§ AVAILABLE DATA:
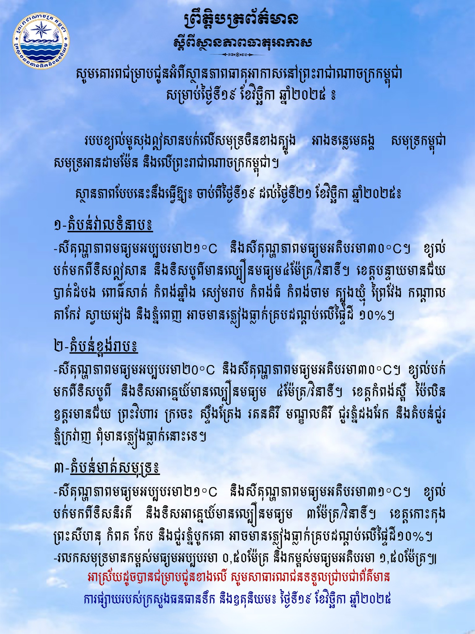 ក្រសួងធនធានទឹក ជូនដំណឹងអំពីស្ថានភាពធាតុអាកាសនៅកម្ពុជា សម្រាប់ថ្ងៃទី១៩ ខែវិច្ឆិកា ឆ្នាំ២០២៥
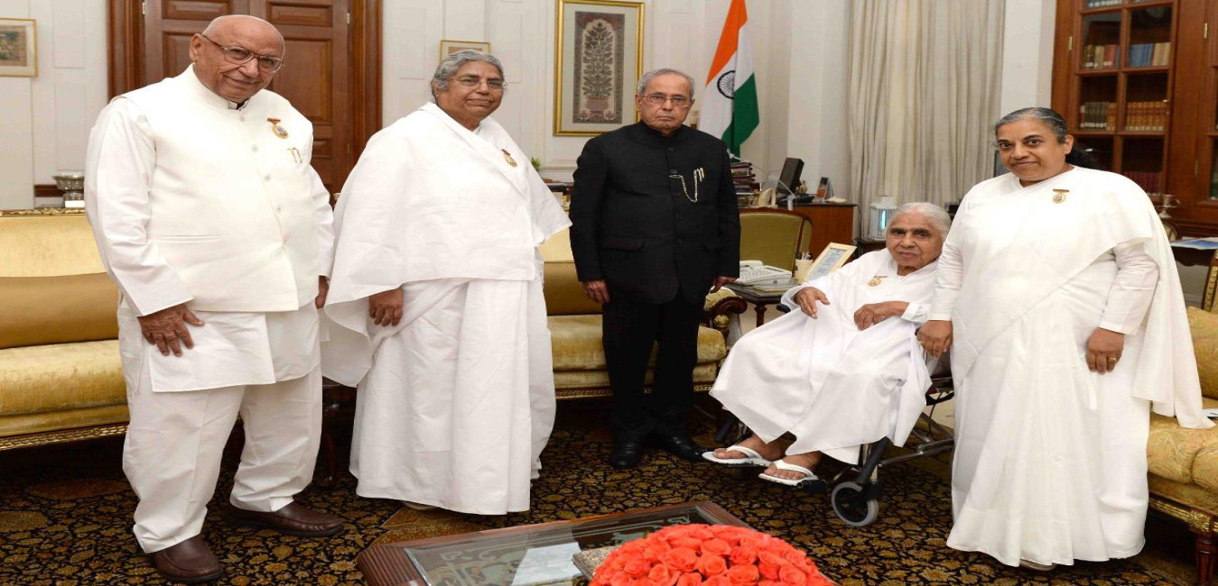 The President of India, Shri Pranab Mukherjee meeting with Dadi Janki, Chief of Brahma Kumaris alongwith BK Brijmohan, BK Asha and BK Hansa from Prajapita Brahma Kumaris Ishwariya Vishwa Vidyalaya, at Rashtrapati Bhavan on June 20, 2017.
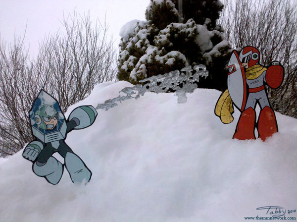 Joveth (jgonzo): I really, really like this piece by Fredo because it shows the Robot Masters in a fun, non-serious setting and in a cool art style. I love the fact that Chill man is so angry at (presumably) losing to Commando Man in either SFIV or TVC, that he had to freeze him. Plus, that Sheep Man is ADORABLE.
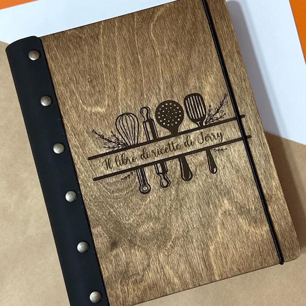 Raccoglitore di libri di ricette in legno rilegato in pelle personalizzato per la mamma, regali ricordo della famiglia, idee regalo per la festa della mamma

§ EXERCISE REQUIREMENTS: From the line containing "Joveth (jgonzo): I" down to the end of the listing above, every line is to be returned exactly, though the pictures are not.

§ ANSWER TO THE PROBLEM:
 Joveth (jgonzo): I really, really like this piece by Fredo because it shows the Robot Masters in a fun, non-serious setting and in a cool art style. I love the fact that Chill man is so angry at (presumably) losing to Commando Man in either SFIV or TVC, that he had to freeze him. Plus, that Sheep Man is ADORABLE.
 Raccoglitore di libri di ricette in legno rilegato in pelle personalizzato per la mamma, regali ricordo della famiglia, idee regalo per la festa della mamma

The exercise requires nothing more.